#### What to do
Nothing but the lines below from the one holding "足底はパイル編みでボリューム" up to and including the one holding "Personalize o encantador" should be copied, exactly and without pictures.

======== Task material ========

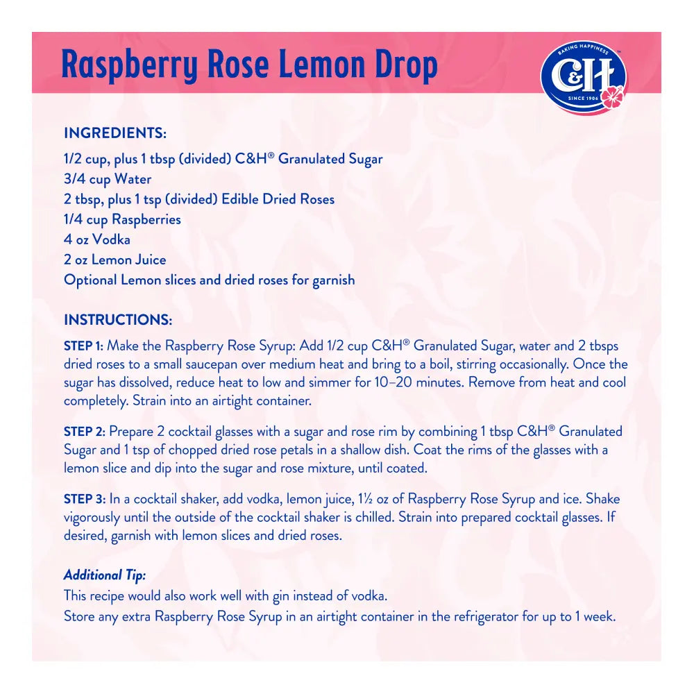 - Granulated Sugar: C&H Sugar Granulated is a versatile and essential ingredient for all your baking and cooking needs, providing a consistent source of sweetness and texture enhancement.
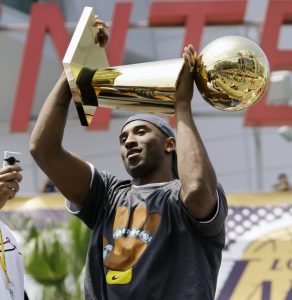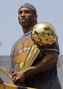 - FILE – In this June 14, 2009 file photo Los Angeles Lakers’ Kobe Bryant holds the Larry O’Brien championship trophy and finals MVP trophy after the Lakers defeated the Orlando Magic 99-86 in Game 5 of the NBA basketball finals in Orlando, Fla. Bryant, the 18-time NBA All-Star who won five championships and became one of the greatest basketball players of his generation during a 20-year career with the Los Angeles Lakers, died in a helicopter crash Sunday, Jan. 26, 2020. He was 41. (AP Photo/David J. Phillip)
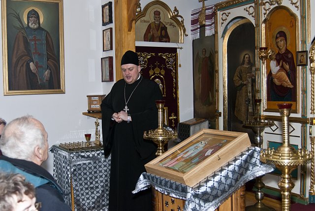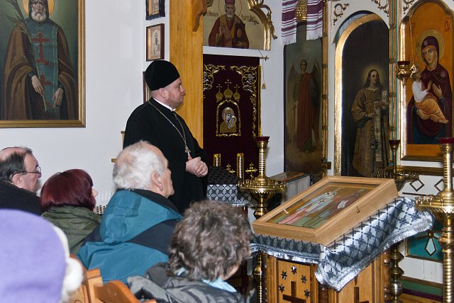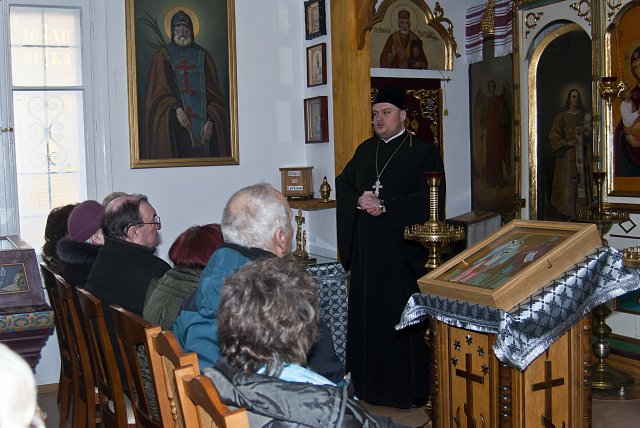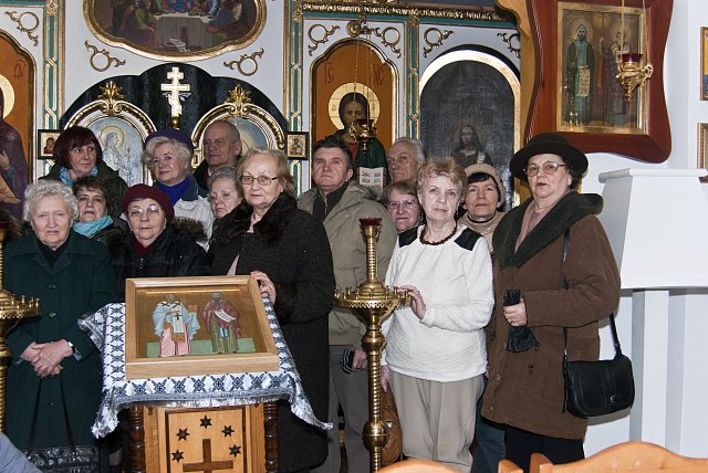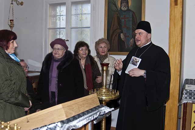 Dnia 4 marca br., z błogosławieństwa abp Abla, w Parafii Prawosławnej pw. św. św. Równych Apostołom Braci Cyryla i Metodego w Sandomierzu, miało miejsce spotkanie członków Sandomierskiego Uniwersytetu Trzeciego Wieku przy Wyższej Szkole Humanistyczno – Przyrodniczej w Sandomierzu. Tematem przewodnim było zagadnienie: Różnice i wspólne aspekty wyznań, prawosławnego i rzymsko – katolickiego. Prelekcja została zorganizowana na prośbę pani Mieczysławy Stec, starościny SUTW, mieszkającej niedaleko parafii.   Na początku spotkania, prelegent ks. Marcin Chyl odniósł się do przedmiotowego hasła spotkania, ukazując podobieństwa i rozbieżności jakie ukształtowały dwa wyznania. Przybliżył wspólną historię pierwszego tysiąclecia ale i rozchodzące się drogi drugiego milenium. Zaakcentował niepożyteczną tendencję rozwoju dogmatu, niekorzystnie wpływającą na perspektywiczną możliwość wspólnego spożywania Ciała i Krwi Chrystusa przy jednym ołtarzu. W drugiej części spotkania uczestnicy skierowali do proboszcza szereg różnorakich pytań związanych z funkcjonowaniem parafii, ilością wiernych, istotą grzechu, postów w prawosławiu, roli kobiety w zbawieniu oraz liturgicznego śpiewu i jego znaczenia dla nabożeństwa.   Na koniec wizyty opiekun naukowy SUTW pani Ewa Cieślak, podarowała duchownemu album ze zdjęciami panoramy Sandomierza i pisemne podziękowanie od wszystkich studentów za ciekawy i interesujący wykład. W odpowiedzi na ten miły gest ksiądz proboszcz rozdał każdemu z obecnych broszurki o historii prawosławia na ziemiach sandomierskich. Słuchacze Sandomierskiego Uniwersytetu Trzeciego Wieku stanowią zwartą grupę, której głównym celem jest zaspokojenie potrzeb i zainteresowań edukacyjnych, rekreacyjnych, twórczych, prozdrowotnych sandomierskich seniorów. Ich cechą charakterystyczną jest ogromna różnorodność osobowości ukształtowana odmiennymi doświadczeniami życiowymi. Jedni spełniają teraz marzenia z młodości, kiedy to z różnych powodów nie mogli studiować. Inni, Ci którzy studia skończyli, uświadamiają sobie, że ich wiedza zestarzała się i chcą ją uzupełnić, wzbogacić by nadążyć za postępem cywilizacyjnym, naukowo-technicznym. Niektórzy pragną znaleźć partnerów do dyskusji lub rozwijać swoje zdolności artystyczne, literackie, a jeszcze inni szukają po prostu przyjaźni, ciepła, oparcia w drugim człowieku. Obecnie na zajęcia SUTW regularnie uczęszcza około 65 osób. Fot. autorka
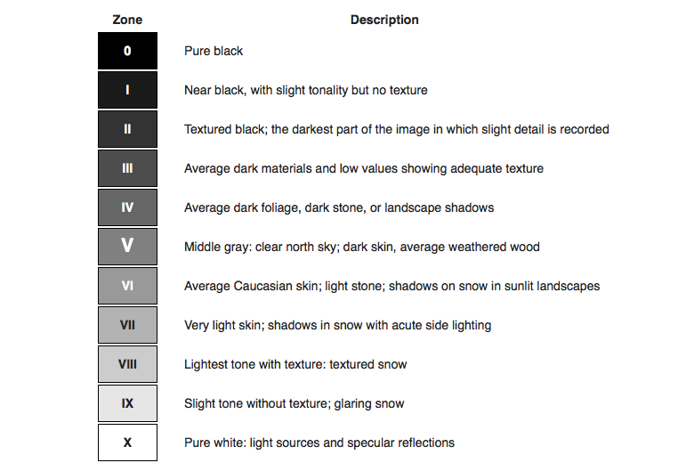 大家可能对中间调不太熟悉,它不是画面最中间的部分,我们参考安塞尔·亚当斯的区域曝光理论,在对动态范围的极致追求下,重点管控的是 3 区到 7 区的影调关系,这里面既有高光也有暗部,是最能体现影像厚实感的影调区域,是影像魅力和表现力的核心所在。
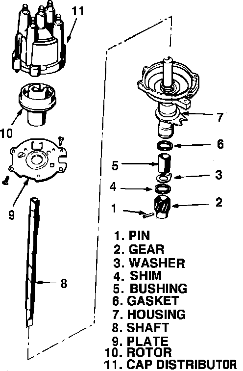 Fig. 5 Exploded view of distributor. 4-150 engines:
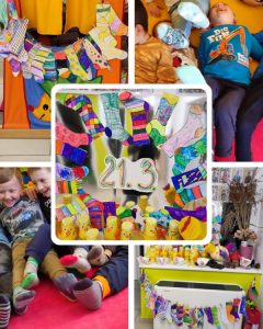 Ovaj mjesec obilježili smo i Svjetski dan osoba s Down sindromom 21. ožujka kroz različite aktivnosti koje su poticale svijest o važnosti prihvaćanja različitosti. Posvetili smo dan nošenju šarenih čarapa, simbola Down sindroma te smo razgovarali o tome i gledali edukativne sadržaje. Posljednja aktivnost tog dana bila je slušanje audio slikovnice na platformi youtube pod nazivom „Moja prijateljica ima Down sindrom“. Nakon slušanja slikovnice impresiju poslušanog djeca su prenijela na papir nacrtavši dio slikovnice koji ih se najviše dojmio.
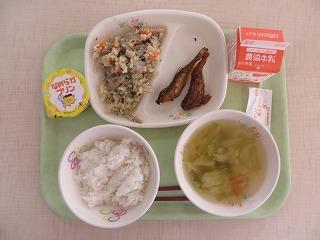 白ごはん ハタハタのから揚げ 卯の花 キャベツのみそ汁 プリン 牛乳
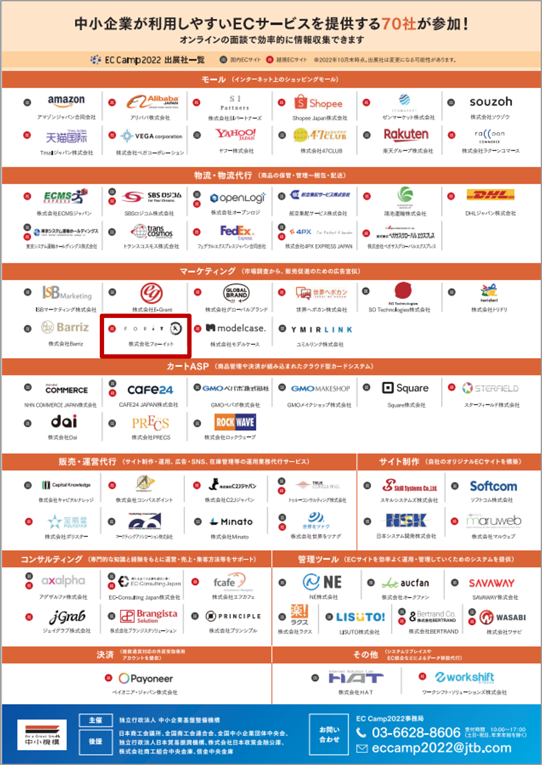 独立行政法人中小企業基盤整備機構(以下、中小機構)のEC活用支援パートナー*¹である株式会社フォーイットは、来る2023/1/25(水)~1/27(金)に開催される「EC Camp2022」へ越境EC支援企業として出展いたします。
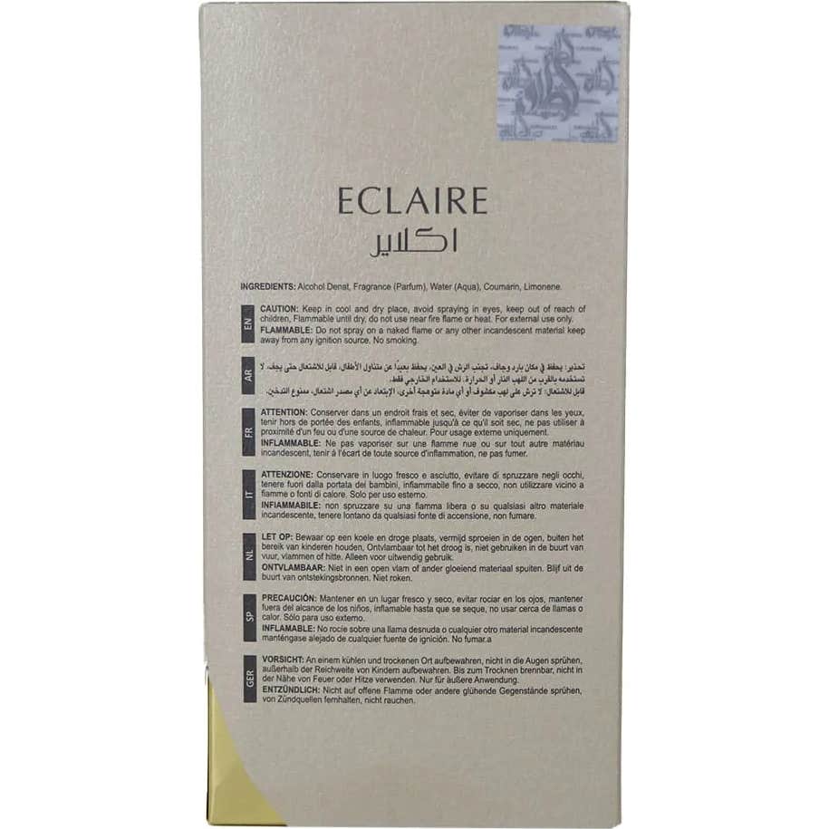 Lattafa Eclaire Eau de Parfum 100 ml est une fragrance gourmande unisexe au parfum doux et crémeux, conçue pour se démarquer avec élégance lors de différentes occasions. Elle offre un profil oriental chaud et une durée prolongée.
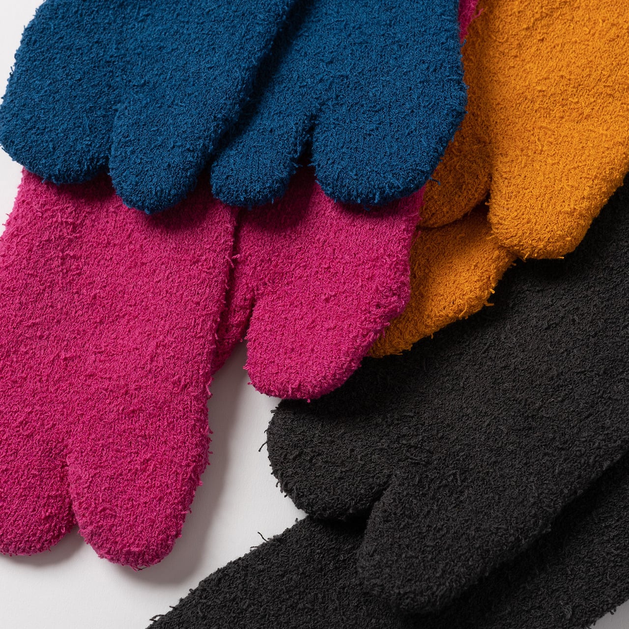 足底はパイル編みでボリューム感を持たせ、履き口はソフトな仕上げで締め付けにくく快適です。カール糸の特性により、毛玉も気になりにくく、長くご愛用いただけます。
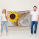 Personalize o encantador Jremor de Casamento Sunflower e Lace Country com os nomes da noiva e noiva e data de cerimônia de casamento para criar um noivado pessoal, chá de panela ou guardar presente de casamento. Este cobertor de casamentos do estilo rancho, relaxado e rústico, apresenta uma fotografia floral acinzentada de uma flor de girassol amarela, de um lenço de linho desbastado e de um véu de brasa branco, com um fundo de madeira castanho e curvada.
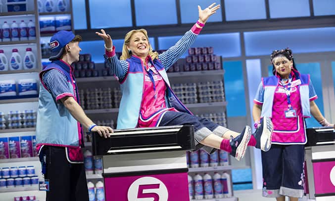 River Medway is another of the musical’s returnees. A familiar face from the third season of RuPaul’s Drag Race UK, he plays Jem – a Better Best Bargains customer, Robbie’s love interest and a drag queen. “So it’s the perfect part for me! Jem has his own drag persona, which the audience gets to see when he performs Chain Reaction. Maybe I’m biased but it’s my favourite number in the show.”
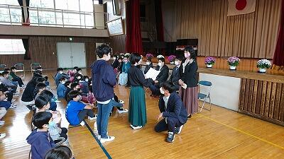 修了式の後、児童指導主任が春休みの過ごし方について話をしました。
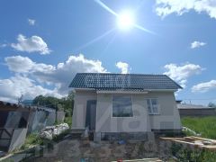 Дом площадью 8,5х6,5 метров расположен на участке в 6 соток. Фундамент выполнен из монолитной железобетонной плиты толщиной 300 мм, что гарантирует надежность и долговечность. Стены построены из газобетона, а крыша покрыта качественной металлочерепицей, что обеспечивает отличные тепло- и звукоизоляционные характеристики.
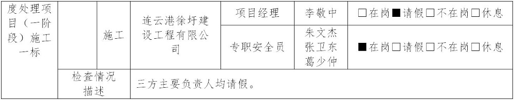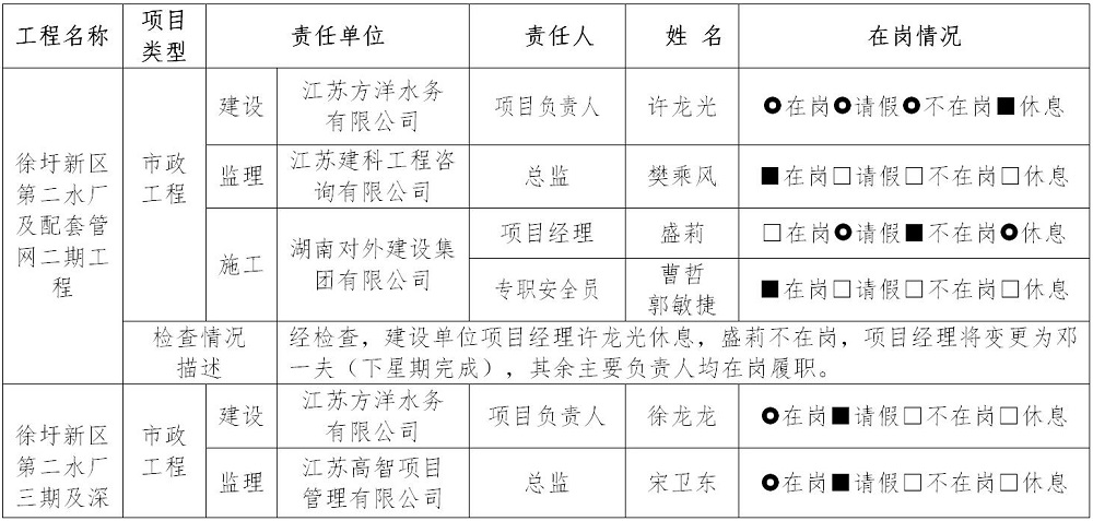 本工程除建设单位项目经理许龙光休息,盛莉不在岗,项目经理将变更为邓一夫(将下星期完成变更手续),其余主要负责人均在岗履职,检查中发现以下方面存在隐患:
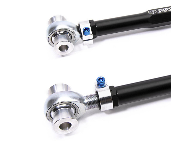 Camaro Rear Upper Arms (RUA) greatly increase the range of rear camber adjustment for high performance track/street applications and are a must for lowered cars to meet alignment requirements. The adjustment range provided by the eccentric washer on the OEM control arm is insufficient to get camber back into proper spec. Our Rear Upper Links feature gun drilled 2024 Aluminum center links, clamps, and clevises, along with Blue Anodized Titanium socket head cap screws and our 360 degree rotating clamp system. This combination provides superior strength, performance, durability, and ease of adjustment. Long gone are the days of fumbling with wrenches to tighten jam nuts while trying to trying to keep your bearings oriented correctly. A simple 3/16" allen key is all that is required to lock down your alignment settings! This kit is combined with our eccentric lockout for the lower camber arm to prevent movement of your rear camber. The lockout has the ability to be set at the maximum, middle, and minimum settings of the OEM camber values, and you can dial in exact camber values for each side of the vehicle using the upper arm. FK Spherical Rod Ends eliminate the soft worn out bushings on the stock links to reduce alignment change in the rear suspension under hard cornering, acceleration and braking. They feature a Teflon liner to provide quiet operation, low friction, smooth articulation, and eliminates bushing deflection under load. The PTFE liner is chemically bonded to the inner diameter of the race. The liner offers a very high load carrying capacity and has greatly increased dynamic wear characteristics. The operating temperatures of the liner ranges from -65º
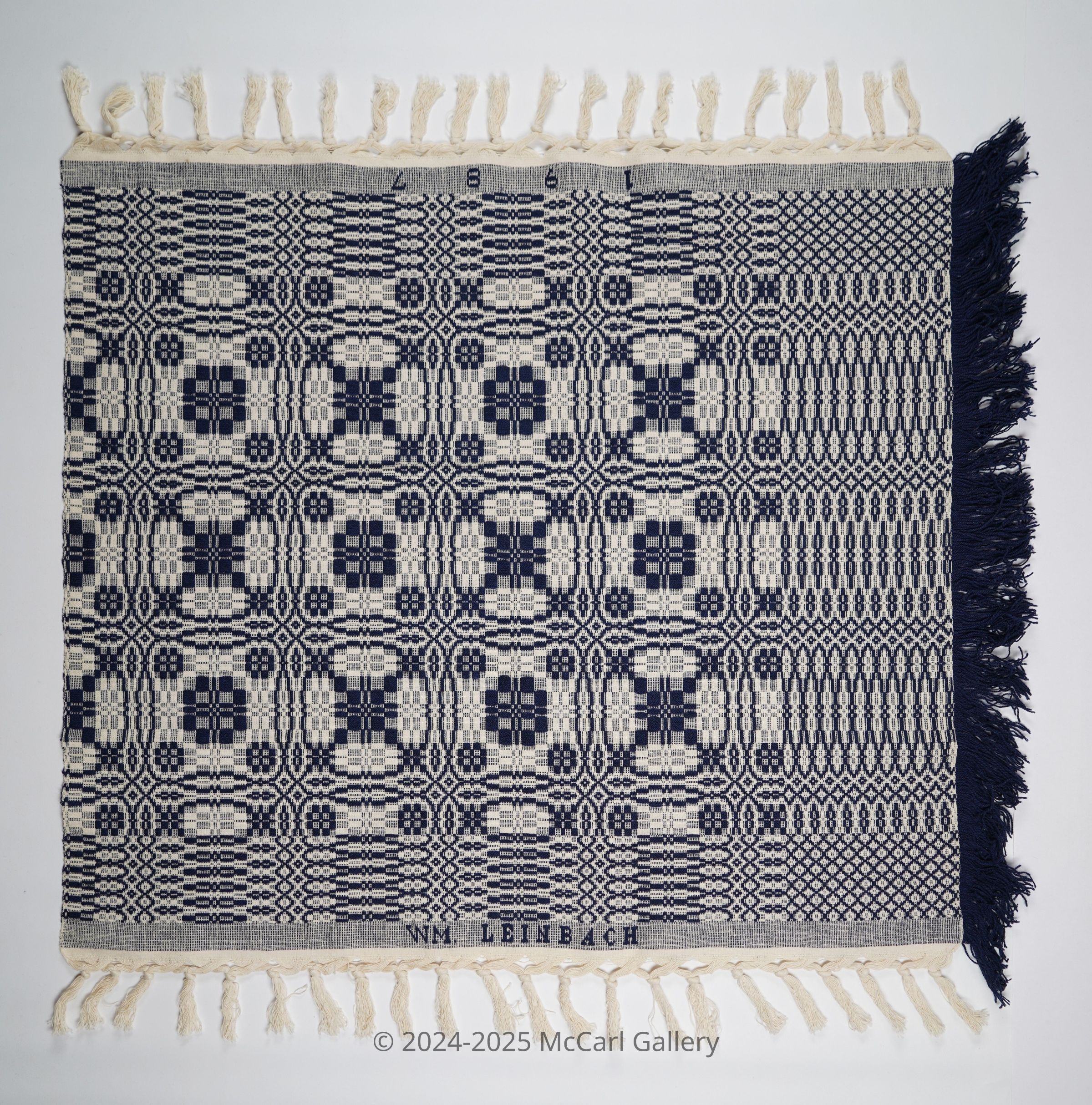 Navy and natural geometric overshot crib coverlet with border and self-fringe on three sides. Woven by William Leinbach in Myerstown, Lebanon Co., Pennsylvania in 1987.Collection

========

#### Answer space
 足底はパイル編みでボリューム感を持たせ、履き口はソフトな仕上げで締め付けにくく快適です。カール糸の特性により、毛玉も気になりにくく、長くご愛用いただけます。
 Personalize o encantador Jremor de Casamento Sunflower e Lace Country com os nomes da noiva e noiva e data de cerimônia de casamento para criar um noivado pessoal, chá de panela ou guardar presente de casamento. Este cobertor de casamentos do estilo rancho, relaxado e rústico, apresenta uma fotografia floral acinzentada de uma flor de girassol amarela, de um lenço de linho desbastado e de um véu de brasa branco, com um fundo de madeira castanho e curvada.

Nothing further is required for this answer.